How can I avoid paying ’emergency tax’ to HMRC on a pension withdrawal? Steve Webb replies

Pension withdrawal: how can I avoid paying emergency tax to HMRC on this amount?

I have a drawn pension worth £84,000.

In December 2023 I will be 74 and my husband is 72.

This tax year I would like to take home 25 percent tax-free cash.

My total income from a current company pension and state pension is approximately £30,000 per year.

So in addition to taking 25 percent tax-free cash, I plan to take an additional lump sum of the withdrawn pension this tax year so that I only pay 20 percent tax up to my annual benefit limit of £50,270.

In other words, this would be an extra £20,000 at 20 percent tax.

However, my pension company informs me that they will apply an emergency tax code to this £20,000 and that I will then have to reclaim the excess tax paid from HMRC.

My question is: Can I request HMRC to advise me/my pension company before I take the £20,000 that only 20 per cent tax is due, which will require even more effort in communicating with HMRC to get me the excess refund taxes paid for this tax year?

Is there a standard template I can use to contact HMRC about my intentions, as above?


Steve Webb replies: The issue you raise relates to how HMRC chooses to collect tax when someone accesses their pension pot.

In your situation, where you have an annual income of €30,000 and choose to take €20,000 of taxable cash out of your pension, you would think that you only have to pay the basic rate of tax on all this, because you are below the threshold of € 50,270 is for paying your pension. higher income tax.

Do you have a question for Steve Webb?  Scroll down to see how you can contact him

Do you have a question for Steve Webb? Scroll down to see how you can contact him

And this is indeed where you will end up.
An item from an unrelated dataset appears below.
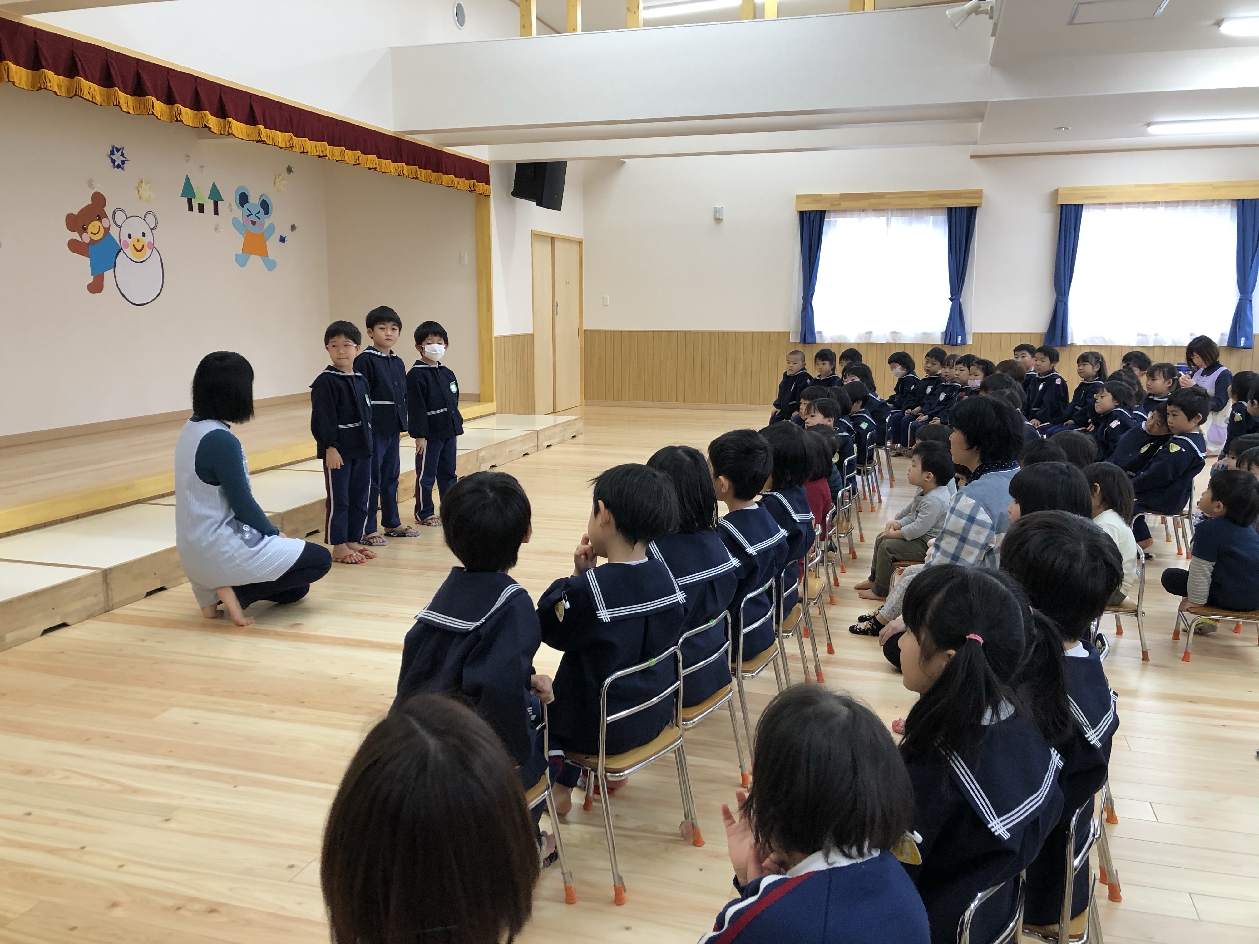 式の中で年長組から代表で三人の子どもがどんな冬休みだったかを発表してくれました。

But unfortunately, you’ll have to jump through some hoops to get there.

The problem is that even though you know you only want to withdraw £20,000 once in the current tax year, HMRC won’t.

From their point of view, you could plan to withdraw this amount multiple times, and this would obviously give you a higher tax rate.
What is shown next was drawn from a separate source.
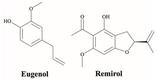 The phenolic compound eugenol was identified in the EO of the rhizomes of Cyperus conglomeratus Rottb. [], while the benzenoid remirol stood out as the major compound of the EO of Remirea maritima Aubl. (Cyperus pedunculatus (R.Br.) J.Kern) [] (Figure 8). Several studies have already reported the anticancer properties of eugenol [,,]. This potential is mainly attributed to its antimetastatic, antiproliferative, antiangiogenic, anti-inflammatory, cell cycle arrest induction, apoptotic, and autophagic effects []. According to Padhy et al. [], eugenol acts on multiple signaling pathways to exert its anticancer effects, the major ones being the MAPK/ERK, JNK/STAT3, WnT/β-Catenin pathway, E2F1/survivin, and NF-κB signaling cascades.

If they only deducted the basic tax, they would worry that they taxed you too little and then have to find a way to get the extra tax.
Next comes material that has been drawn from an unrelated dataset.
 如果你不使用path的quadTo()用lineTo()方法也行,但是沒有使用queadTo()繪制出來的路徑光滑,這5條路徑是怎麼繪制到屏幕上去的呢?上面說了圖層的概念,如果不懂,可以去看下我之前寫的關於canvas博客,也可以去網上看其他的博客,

The way HMRC deals with this is by expecting your pension provider to apply an ’emergency’ tax code.

This does not take into account your other income, but assumes that you will make multiple withdrawals and that you will be (over)taxed accordingly.

To get your money back, you must then complete the relevant form or claim online: Claim tax back on a flexibly accessible overpaid pension benefit (P55).

As you will see, if you choose to fill out a form, you must choose the correct form. These are:

– Form P55 if you have had flexible access to your pot, but have not emptied it, and do not intend to make any further such withdrawals;

– Form P53Z if you have flexible access to your pot and have emptied it;

– Form P50Z if you have flexible access to your entire pot and you have stopped working.

If you fail to do any of these things, any refund due will be issued through the year-end tax assessment process.

As you rightly say: this is all a bit nonsense. I have repeatedly complained that HMRC routinely overcharges people and then expects them to claw back their own money.

Since this system was first introduced in the wake of the ‘pension freedoms’ legislation, HMRC has had to pay back as much as £1.1 billion for around 400,000 pension withdrawals.

This system is causing major disruption to people and is all about the convenience of HMRC and not the taxpayer.

However, there is a possible ‘work around’ that could largely solve this problem.

Instead of making a single withdrawal of €20,000, consider making a (very) small withdrawal first. Although an emergency tax code will be applied to this small withdrawal, this should then result in HMRC providing a regular tax code to your pension provider.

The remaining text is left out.